START PROVIDED ENTRIES

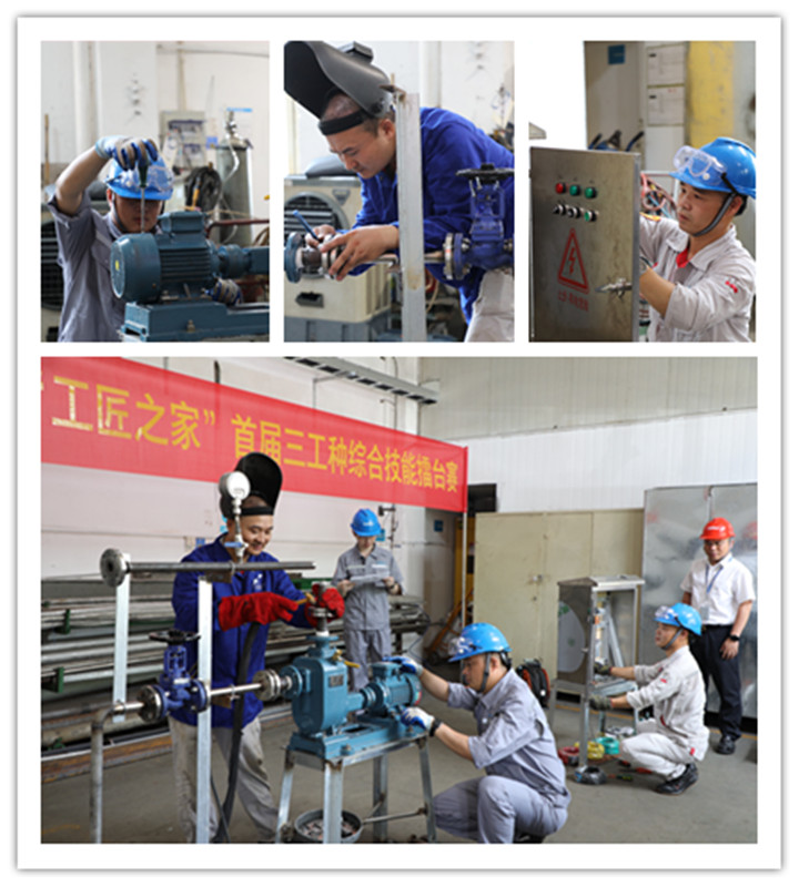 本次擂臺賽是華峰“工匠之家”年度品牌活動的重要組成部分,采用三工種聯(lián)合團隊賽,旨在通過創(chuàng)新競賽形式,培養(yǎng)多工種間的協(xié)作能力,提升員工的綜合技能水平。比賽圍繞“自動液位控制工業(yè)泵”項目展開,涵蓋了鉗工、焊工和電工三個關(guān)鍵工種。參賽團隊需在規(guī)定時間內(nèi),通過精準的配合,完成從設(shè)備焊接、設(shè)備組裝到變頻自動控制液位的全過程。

END PROVIDED ENTRIES
START PROVIDED ENTRIES

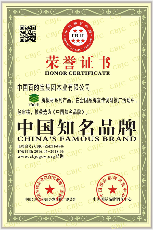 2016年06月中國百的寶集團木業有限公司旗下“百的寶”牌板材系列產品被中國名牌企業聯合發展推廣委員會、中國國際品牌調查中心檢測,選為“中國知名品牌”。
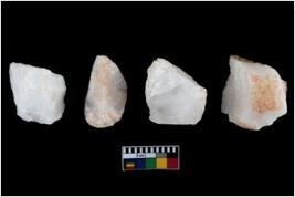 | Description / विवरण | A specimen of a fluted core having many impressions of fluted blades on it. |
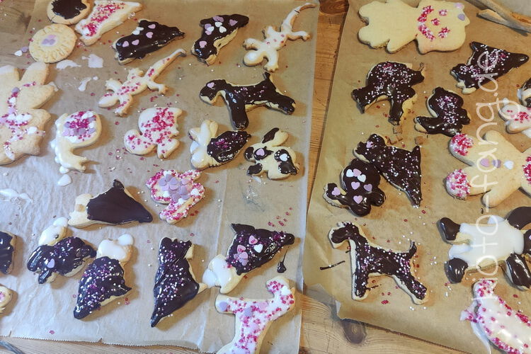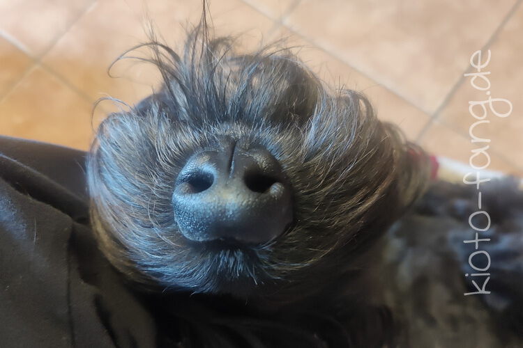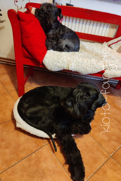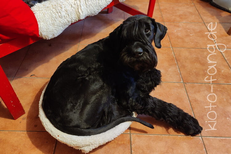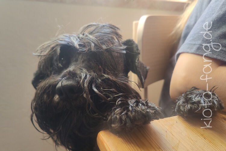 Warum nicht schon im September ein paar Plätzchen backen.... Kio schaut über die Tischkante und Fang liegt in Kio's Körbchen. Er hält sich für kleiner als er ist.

END PROVIDED ENTRIES
START PROVIDED ENTRIES

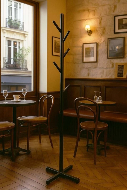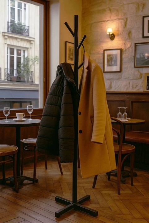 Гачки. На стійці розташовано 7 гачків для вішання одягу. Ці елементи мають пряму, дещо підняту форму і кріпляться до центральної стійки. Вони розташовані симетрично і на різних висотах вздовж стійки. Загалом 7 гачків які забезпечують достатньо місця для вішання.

END PROVIDED ENTRIES

■ TASK REQUIREMENTS ■
Set down exactly the lines above, from the line containing "blades on it. |" through the line containing "Warum nicht schon". Skip the pictures.

■ YOUR SOLUTION ■
 | Description / विवरण | A specimen of a fluted core having many impressions of fluted blades on it. |
 Warum nicht schon im September ein paar Plätzchen backen.... Kio schaut über die Tischkante und Fang liegt in Kio's Körbchen. Er hält sich für kleiner als er ist.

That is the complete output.